_Exercise data_.
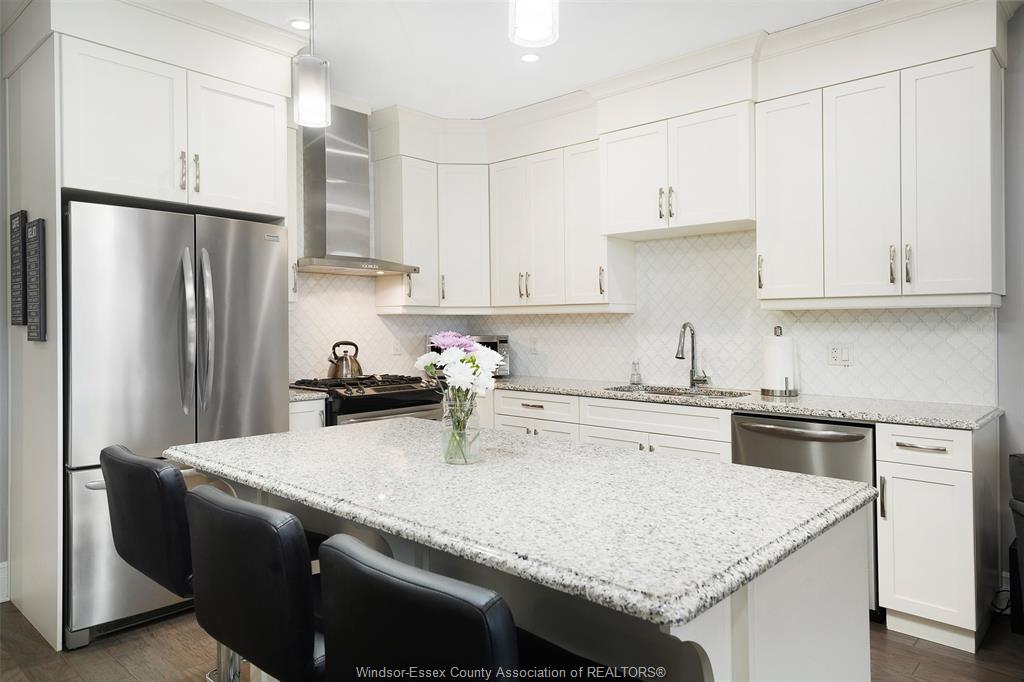 • Well-equipped kitchen with white cabinets, oversized island, and granite countertops.
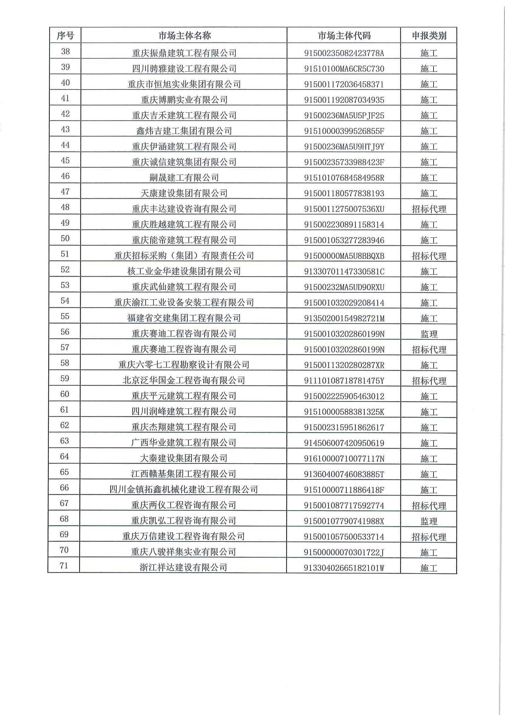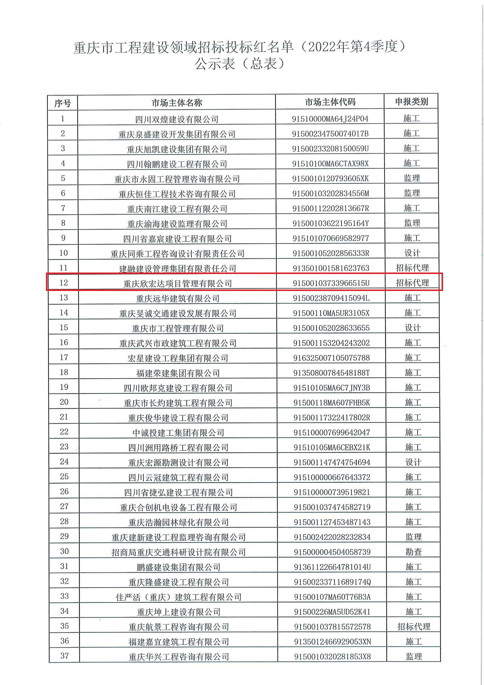 “公開、公平、公正、誠實守信”的良好信用氛圍,在全公司引導和樹立“以誠實守信為榮、以失信敗德為恥”良好風尚。下一步,公司將以此為契機,繼續加強信用體系建設,以褒揚誠信、懲戒失信為重點,切實增強誠信意識,引導和規范公司信用行為,以實際行動積極助力全市誠信體系建設,營造良好營商環境。附 重慶市工程建設領域招標投標紅名單(2022年第4季度)公示表(總表)
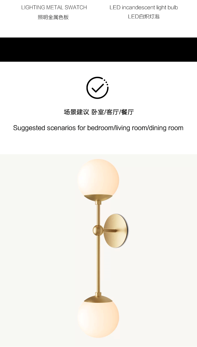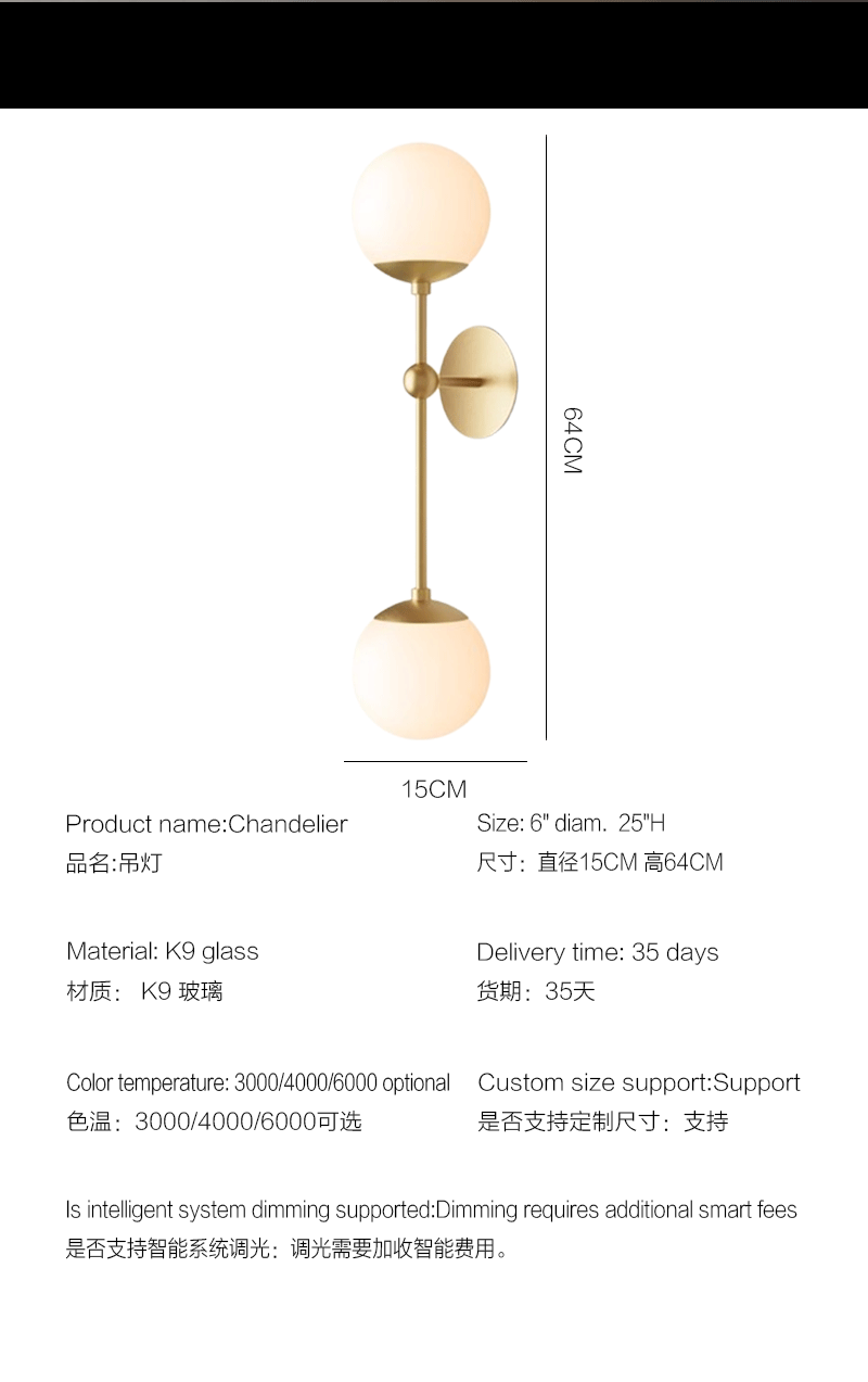 美式轻奢客厅餐厅双壁玻璃球壁灯

_What you should do_. Reproduce the whole listing verbatim. Pictures stay out of the copy.

_Task answer_.
 • Well-equipped kitchen with white cabinets, oversized island, and granite countertops.
 “公開、公平、公正、誠實守信”的良好信用氛圍,在全公司引導和樹立“以誠實守信為榮、以失信敗德為恥”良好風尚。下一步,公司將以此為契機,繼續加強信用體系建設,以褒揚誠信、懲戒失信為重點,切實增強誠信意識,引導和規范公司信用行為,以實際行動積極助力全市誠信體系建設,營造良好營商環境。附 重慶市工程建設領域招標投標紅名單(2022年第4季度)公示表(總表)
 美式轻奢客厅餐厅双壁玻璃球壁灯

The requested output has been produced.